Beloved de Toni Morrison : l’écriture aux limites du transmissible
Mots-clés :
Morrison, Toni, Transmission, Esclavage, Réel, Tradition, Maternité, FéminitéRésumé
Avec son roman Beloved, Toni Morrison a choisi de rompre avec un certain héritage des lettres américaines, marqué par le discours blanc, parce qu’il écrase d’autres voix qui demandent à être entendues. Beloved est un roman qui cherche à transmettre la part maudite de l’histoire afro-américaine, interrogeant au passage la tradition paternaliste qui vise la seule reproduction des structures sociales qui la soutiennent. La référence à l’esclavage des Noirs n’est plus masquée, l’arrachement subi par les populations africaines pour être exploitées aux Etats-Unis n’est plus éludé.
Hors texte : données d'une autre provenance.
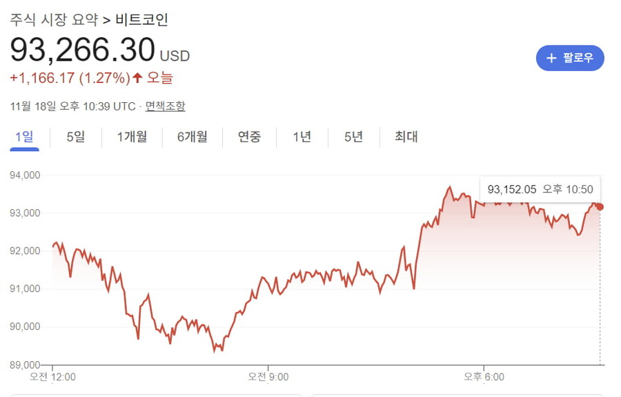 이에 투자심리가 조금씩 회복되면서 저가 매수세가 유입됐습니다이는 비트코인에서 잘 드러나는데요비트코인은 오늘 아침 잠시 9만 달러 아래로 떨어지기도 했지만, 오후에는 9만3000달러 대까지 반등했습니다.

Il s’agit dès lors de transmettre un savoir sur l’indicible, l’horreur, l’inhumain sur lesquels repose l’imposture d’une civilisation supposée exemplaire. C’est à la parole refusée qu’une place doit être faite, et notamment à celle d’une mère qui a préféré interrompre le fil d’une forme de transmission établie en mettant à mort sa fille destinée à la condition d’esclave. L’exploration du traumatisme de Sethe étant impossible, Toni Morrison opte pour le recours au registre du fantastique et fait revenir d’entre les morts l’enfant qui n’a pu exprimer son point de vue. La transmission se révèle dès lors progressivement doublée d’une part d’invention, qui, articulée au manque qui fonde le désir, détourne du pire. A partir de là, le roman parvient à une véritable subversion des codes, témoignant de ce que toute passation du savoir s’obtient à partir d’un réel avec lequel le sujet n’a de cesse de se séparer.
With her novel Beloved, Toni Morrison chose to break with the legacy of the American literary institution because it was influenced by the views of the Whites and because it kept crushing new voices that demanded to be heard. Beloved is a novel which attempts to transmit the shameful part of the African-American history and which questions the paternalistic tradition that aims at the reproduction of inadequate social structures. The reference to Black slavery is not veiled anymore. On the contrary, the text shows how the African population was wrenched from their country in order to be exploited in the United States. The novel cannot therefore but express the unspeakable, the horror, the inhumanity that found a so-called exemplary civilisation. It offers a breach onto the words that keep being suppressed, in particular those of a mother who decided to kill her daughter so that she should not become a slave too. Yet, as Sethe’s trauma cannot be explored fully, Toni Morrison chooses to use the fantastic mode of writing and calls back to life the child who was not able to present her position. Thus, transmission and invention not only become indissociable but prevent the worst because they are supported by the basis of desire, i.e. lack. The novel is therefore strongly subversive: it demonstrates that experience can be passed on if the subject keeps separating from the unbearable.